Source data:

========================================================================

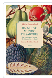
UN NUEVO MUNDO DE SABORES. EXUBERANTES COCINAS MEXICO, PERU STRAUSFELD, MICHI/ HUECK, SABINE
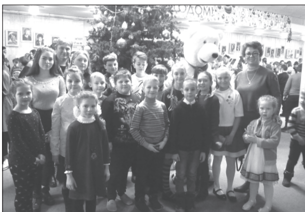
Приволжская ребятня веселится у ёлки

Мальчишки и девчонки Приволжского района вновь побывали на новогоднем представлении в г.Иваново.
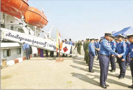
ခွာခေါင်း၊ လည်ချောင်းရောဂါ ၃၆၀၊ မျက်စိရောဂါ ၁၄၀၄ ဦးနှင့် သွားနှင့်ခံတွင်းရောဂါ ၈၀၃ ဦး စုစုပေါင်းဒေသခံပြည်သူ ၆၅၅၉ ဦးတို့ကို လိုအပ်သည့်ဆေးဝါးကုသမှုများ ဆောင်ရွက်ပေးနိုင်ခဲ့ပြီး ၎င်းတို့အနက် အထွေထွေခွဲစိတ်လူနာ ၇၁ ဦး၊ မျက်စိခွဲစိတ်လူနာ ၁၂၅ ဦးတို့ကို ဆေးရုံရေယာဉ်ပေါ်တွင် ခွဲစိတ်ကုသမှုများဆောင်ရွက်ပေးခဲ့သည်။

အဆိုပါ တပ်မတော်ပင်လယ် သွား ဆေးရုံရေယာဉ်(သံလွင်)မှ အထူးကု ဆေးအဖွဲ့များသည် တနင်္သာရီကမ်းရိုးတန်းဒေသများ ဖြစ်သော ပုလောမြို့နယ် မလိကျွန်း၊ ပတ်ဝန်းကျင်ကျေးရွာများ၊ ကျွန်းစုမြို့နယ် ကျွန်းစုမြို့နယ်၊ ဘုတ်ပြင်မြို့နယ် ပုလဲကျွန်း၊ ပတ်ဝန်းကျင် ကျေးရွာများ၊ ကော့သောင်းမြို့နယ် စာဒက်ကြီးကျွန်းပတ်ဝန်းကျင်ကျေးရွာများ၊ ရန်ကုန်တိုင်းဒေသကြီး ကိုကျွန်းမြို့နယ်အနီးတစ်ဝိုက်ဒေသများနှင့် ဧရာဝတီတိုင်းဒေသကြီး ငပုတောမြို့နယ် ဟိုင်းကြီးကျွန်းမြို့နှင့် ချောင်းဝကျေးရွာအနီး ဝန်းကျင်ကျေးရွာများရှိ ဒေသခံပြည်သူများအား ကျန်းမာရေးစောင့်ရှောက်မှုဆိုင်ရာဆောင်ရွက်ပေးမှုအနေဖြင့် ဆေးကုသမှုဆိုင်ရာ ရောဂါ ၁၇၃ ဦး၊ ခွဲစိတ်ရောဂါ ၄၃၉ ဦး၊ သားဖွားဗီးယပ်ရောဂါ ၅၂၈ ဦး၊ ကလေးရောဂါ ၅၂၈ ဦး၊ အရိုးရောဂါ ၈၉၄ ဦး၊ နှာမ၊

========================================================================

◆ **Task item**
With no pictures included, write out the entries exactly.

◆ **Response**
UN NUEVO MUNDO DE SABORES. EXUBERANTES COCINAS MEXICO, PERU STRAUSFELD, MICHI/ HUECK, SABINE
Приволжская ребятня веселится у ёлки

Мальчишки и девчонки Приволжского района вновь побывали на новогоднем представлении в г.Иваново.
ခွာခေါင်း၊ လည်ချောင်းရောဂါ ၃၆၀၊ မျက်စိရောဂါ ၁၄၀၄ ဦးနှင့် သွားနှင့်ခံတွင်းရောဂါ ၈၀၃ ဦး စုစုပေါင်းဒေသခံပြည်သူ ၆၅၅၉ ဦးတို့ကို လိုအပ်သည့်ဆေးဝါးကုသမှုများ ဆောင်ရွက်ပေးနိုင်ခဲ့ပြီး ၎င်းတို့အနက် အထွေထွေခွဲစိတ်လူနာ ၇၁ ဦး၊ မျက်စိခွဲစိတ်လူနာ ၁၂၅ ဦးတို့ကို ဆေးရုံရေယာဉ်ပေါ်တွင် ခွဲစိတ်ကုသမှုများဆောင်ရွက်ပေးခဲ့သည်။

အဆိုပါ တပ်မတော်ပင်လယ် သွား ဆေးရုံရေယာဉ်(သံလွင်)မှ အထူးကု ဆေးအဖွဲ့များသည် တနင်္သာရီကမ်းရိုးတန်းဒေသများ ဖြစ်သော ပုလောမြို့နယ် မလိကျွန်း၊ ပတ်ဝန်းကျင်ကျေးရွာများ၊ ကျွန်းစုမြို့နယ် ကျွန်းစုမြို့နယ်၊ ဘုတ်ပြင်မြို့နယ် ပုလဲကျွန်း၊ ပတ်ဝန်းကျင် ကျေးရွာများ၊ ကော့သောင်းမြို့နယ် စာဒက်ကြီးကျွန်းပတ်ဝန်းကျင်ကျေးရွာများ၊ ရန်ကုန်တိုင်းဒေသကြီး ကိုကျွန်းမြို့နယ်အနီးတစ်ဝိုက်ဒေသများနှင့် ဧရာဝတီတိုင်းဒေသကြီး ငပုတောမြို့နယ် ဟိုင်းကြီးကျွန်းမြို့နှင့် ချောင်းဝကျေးရွာအနီး ဝန်းကျင်ကျေးရွာများရှိ ဒေသခံပြည်သူများအား ကျန်းမာရေးစောင့်ရှောက်မှုဆိုင်ရာဆောင်ရွက်ပေးမှုအနေဖြင့် ဆေးကုသမှုဆိုင်ရာ ရောဂါ ၁၇၃ ဦး၊ ခွဲစိတ်ရောဂါ ၄၃၉ ဦး၊ သားဖွားဗီးယပ်ရောဂါ ၅၂၈ ဦး၊ ကလေးရောဂါ ၅၂၈ ဦး၊ အရိုးရောဂါ ၈၉၄ ဦး၊ နှာမ၊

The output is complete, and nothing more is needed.